A comprehensive multiparameter flow cytometry panel for immune profiling and functional studies of frozen tissue, bone marrow, and spleen

Abstract

Flow cytometry (FC) is a highly informative technology that can provide valuable information about immune phenotype monitoring and immune cell states. However, there is a paucity of comprehensive panels developed and validated for use on frozen samples. Here, we developed a 17-plex flow cytometry panel to detect subtypes, frequencies, and functions of different immune cells that can be leveraged to study the different cellular characteristics in different disease models, physiological, and pathological conditions. This panel identifies surface markers to characterize T cells (CD8⁺, CD4⁺), natural killer (NK) cells and their subtypes (immature, cytotoxic, exhausted, activated),natural killer T (NKT) cells, neutrophils, macrophages (M1 (pro-inflammatory) and M2 (anti-inflammatory)), monocytes and their subtypes (classical and non-classical), dendritic cells (DC) and their subtypes (DC1, DC2), and eosinophils. The panel was designed to include only surface markers to avoid the necessity for fixation and permeabilization steps. This panel was optimized using cryopreserved cells. Immunophenotyping of spleen and bone marrow using the proposed panel was efficient in correctly differentiating the immune cell subtypes in inflammatory model of ligature-induced periodontitis, in which we found increased percentage of NKT cells, activated and mature/cytotoxic NK cells in the bone marrow of affected mice. This panel enables in-depth immunophenotyping of murine immune cells in bone marrow, spleen, tumors, and other non-immune tissues of mice. It could be a tool for systematic analysis of immune cell profiling in inflammatory conditions, systemic diseases, and tumor microenvironments.

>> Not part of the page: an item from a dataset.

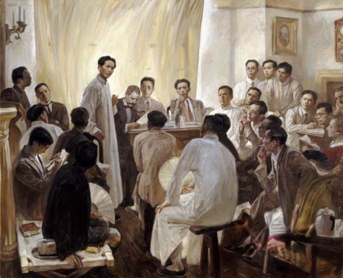 生动描绘了1920年11月,毛泽东、何叔衡、蔡和森等十二人共产主义先进分子在长沙秘密活动,在新民学会里热烈讨论的场面。 |

Keywords: Immune profiling; Multi-color flow cytometry; Phenotypic analysis; Tumor immune cells.

Fig. 1.

Fluorescence minus one (FMO) compensation. FMOs were performed for each antibody and used for negative control when setting the gate for target populations to facilitate accurate sorting. The top row are the FMOs staining and the bottom row is the full staining. We can observe the absence of staining in FMOs.

Fig. 2.

Gating strategy for BM cells isolated from ligature-induced periodontitis mouse. Firstly, we identified the single cells and live lymphocytes with CD45 and Zombie Aqua^™ markers in the BM of healthy mice. A) We gated over TCRβ and from the TCRβ⁺ population, we identified CD4⁺ T cell, DN T cell, DP T cell, and CD8⁺ T cell based on the CD4 and CD8 surface markers. B) From CD45⁺Zombie Aqua^™- population, we gated over TCRβ and NK1.1 and identified NK (TCRβ⁻NK1.1⁺) and NKT (TCRβ⁺NK1.1⁺) cells. Further stratification of the NK cell population by level of CD11b is performed to differentiate cytotoxic NK cells (CD11bhigh NK) and immature NK cells (CD11blow NK). The activation and exhaustion of NK cells were marked by the presence of CD69 and TIGIT. C) From CD45⁺Zombie Aqua^™- a population we gated over various markers to stratify hematopoietic cells. Neutrophils are defined as Ly6G⁺CD11b⁺ and from the Ly6G⁻CD11b⁺ subset, we further stratified macrophages and monocytes. M1 macrophage is defined as CD80⁺CD206⁻ while M2 macrophage is defined as CD80⁻CD206⁺. Monocytes were stratified according to surface Ly6C expression into inflammatory monocytes (Ly6C⁺) and noninflammatory monocytes (Ly6C⁻). The eosinophils were defined as SigliecF⁺CD11b⁺.

Fig. 3.

The panel was able to demonstrate high capacity for detection of difference in the frequency of cell populatins including NKT cells, NK cells, and NK activation and mature states in BM of ligature induced periodontitis versus health. A) Representative images of current validated panel in the spleen (Naïve), bone marrow (health), and bone marrow isolated from ligature-induced periodontitis model. B.C·D) statistically significant increase in NKT, activated NK (CD69⁺), and mature NK (CD11b⁺) cells in BM in ligature-induced periodontitis model. Results are representative of 12 biolgical replicates (n = 6 per goup). Parametric Students' t-test was used for statistical analysis. ** indicates P < 0.01 and * indicates P < 0.05. ** indicates P < 0.01 and * indicates P < 0.05.